Discussion and Decision-Making

Both genetic predisposition and the patient’s medication were considered when evaluating the reported ADRs observed during TAM treatment. We will start with the description of our considerations for TAM, as we assumed the ADRs to be linked to the treatment with the selective estrogen receptor modulator, even though we are aware that the pathophysiology of hot flushes especially in breast cancer survivors is not fully understood.13 Based on our knowledge on TAM metabolism and its function as selective estrogen receptor modulator, we expected a CYP2D6 UM status leading to an excess of END, thereby resulting in the reported ADRs. However, the pharmacogenetic profile showed that the patient had the star alleles *6 (no function) and *41 (decreased function) of the CYP2D6 enzyme resulting in the phenotype of an IM. Moreover, the testing revealed the patient’s CYP2C19 UM status with the star alleles *1 (wildtype) and *17 (increased function), and a CYP2C9 IM status with the star alleles *1 (wildtype) and *2 (decreased function).

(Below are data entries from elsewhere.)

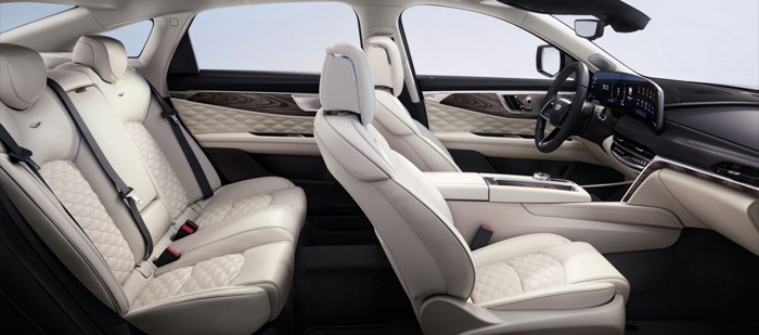 值得一提的是,新CT6将新增「云端谧境」内饰主题配色,以萃取云絮的轻柔色泽搭配Finenappa半苯胺真皮的细腻与木纹的自然肌理;33英寸9K环幕式超视网膜屏搭配全新V5.0车机系统,呈现细腻沉浸式感官体验;联袂全面升级的舒适性配置,让座舱成为大气淡泊的云端空间,尽享奢华体验。
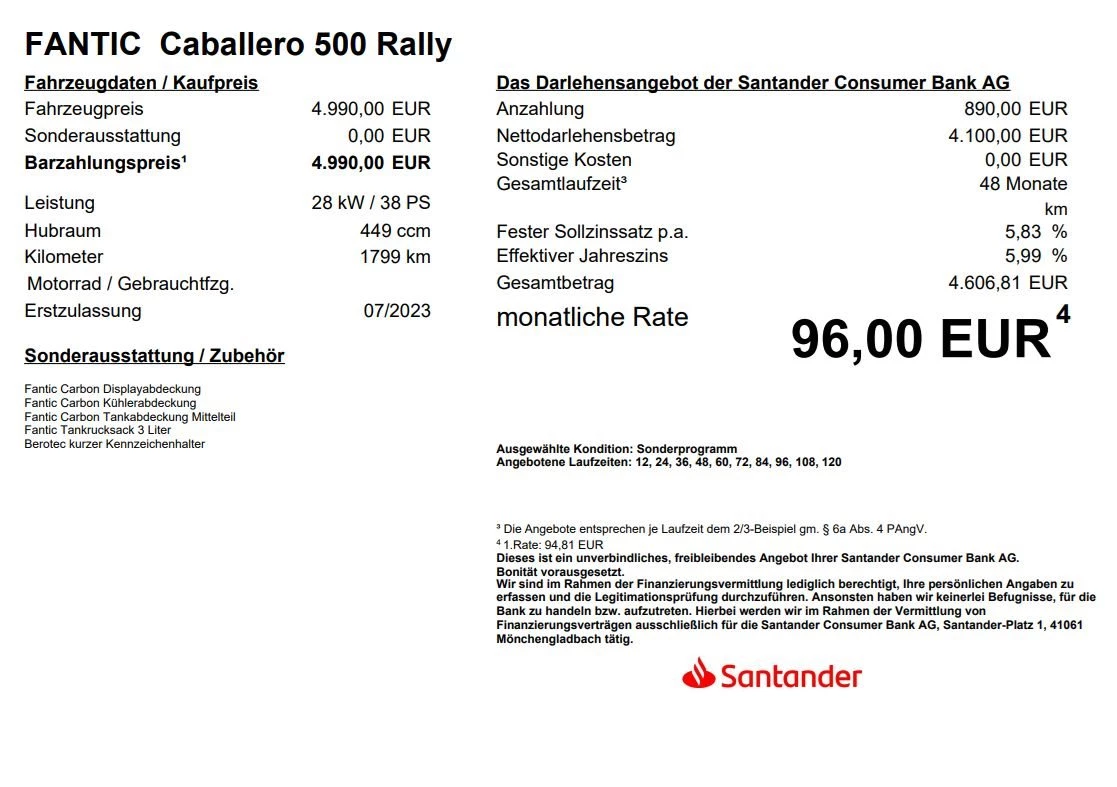 Hier bieten wir Ihnen eine wunderschöne Fantic Caballero 500 Rally im neuwertigen Zustand aus 2.Hand inkl. frischer Inspektion und einem Finanzierungsangebot in Zusammenarbeit mit der Santander Consumer Bank AG an.
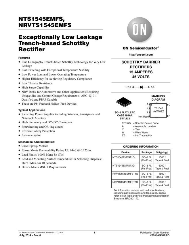 NRVTS1545EMFST1G Diode Schottky 45V 15A 8-Pin SO-FL T/R
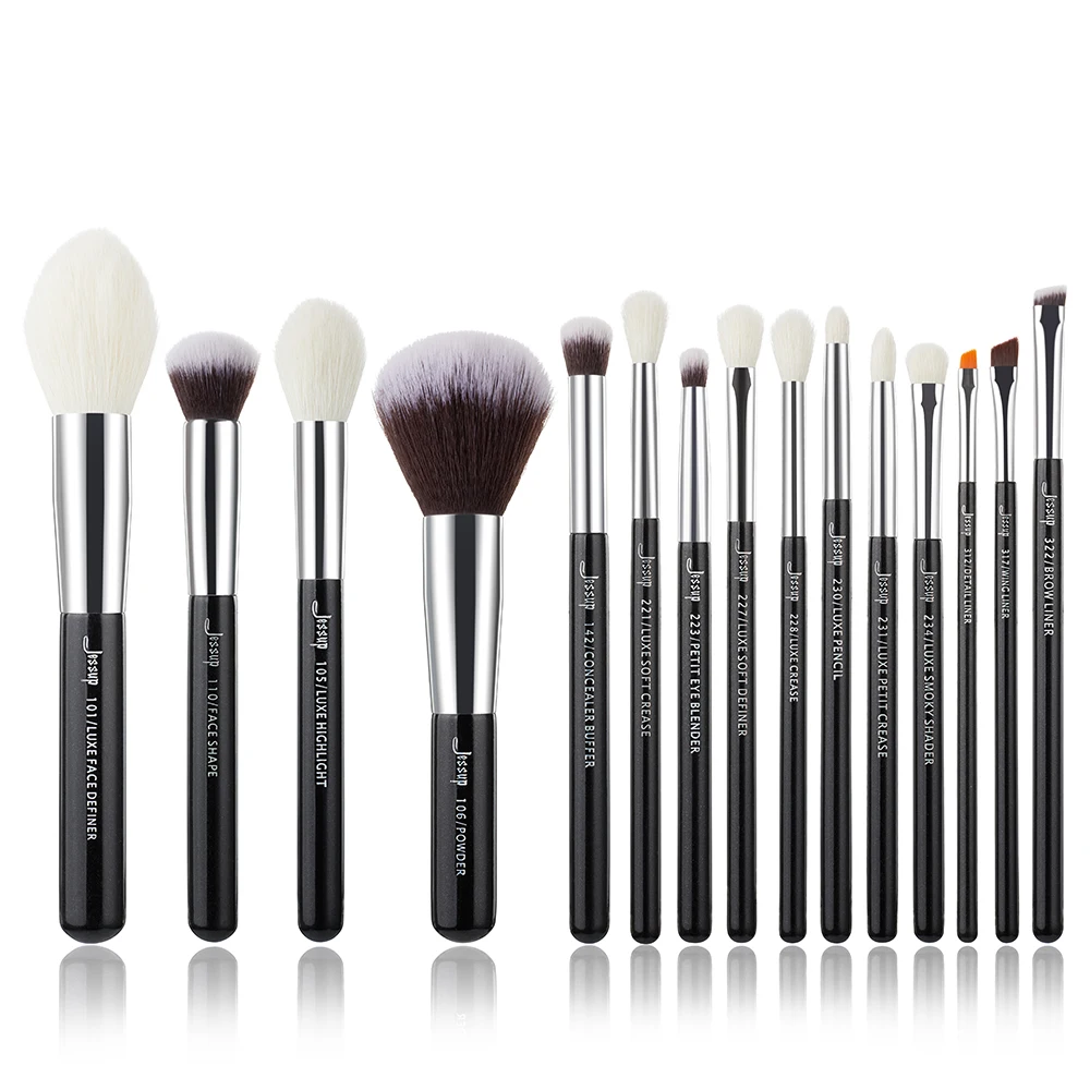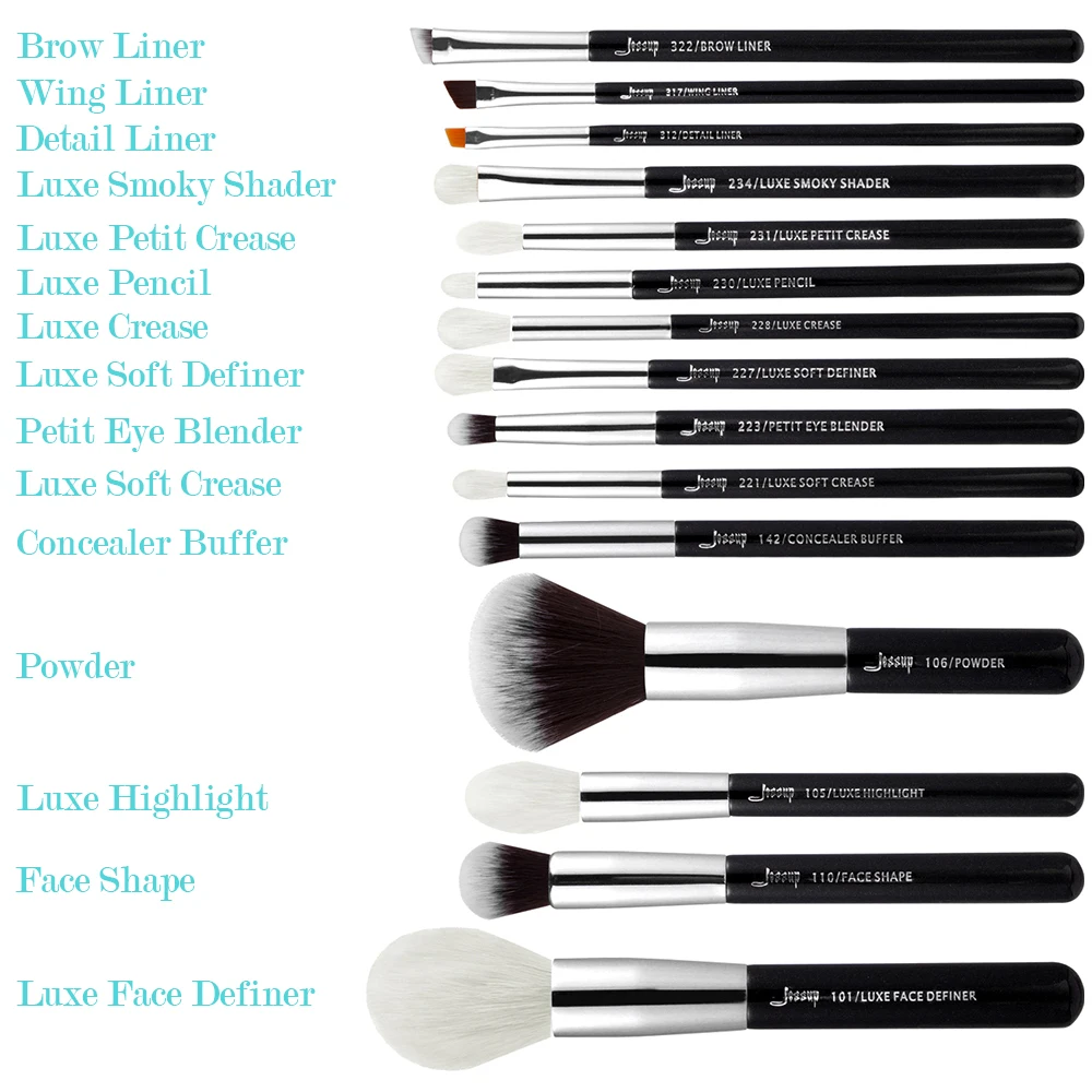 Kopen Goedkoop Jessup Borstels 15 stks Zwart Zilver Professionele Make Up Kwasten Set Make Up Borstel Gereedschap kit Foundation Poeder T182 Online

If PGx data for a patient are available, one should be able to consult the official drug label or the guidelines by the respective medical expert panel for information on the handling of a drug. For TAM, Swiss drug labels ( does not recommend CYP2D6 testing, but simply states, that in published studies, the simultaneous use of CYP2D6 inhibitors reduced plasma concentrations of the active metabolite endoxifen, which may be associated with a loss of efficacy (see ‘Interactions’). According to a published study, the loss of efficacy of TAM in combination with treatment with SSRI paroxetine increased mortality. TAM should therefore not be administered together with CYP2D6 inhibitors (eg SSRI antidepressants such as paroxetine or fluoxetine, cinacalcet, quinidine). Reduced endoxifen concentrations and thus reduced efficacy can also be expected in so-called poor metabolizers for CYP2D6 (see ‘Pharmacokinetics’ and ‘Properties/Effects’).14 This information is similar to the drug label issued by the FDA and Health Canada.15 Finally, the National Comprehensive Cancer Network (NCCN) Breast Cancer Panel does not recommend CYP2D6 genotyping.16 Accordingly, these sources did not provide the information we were looking for.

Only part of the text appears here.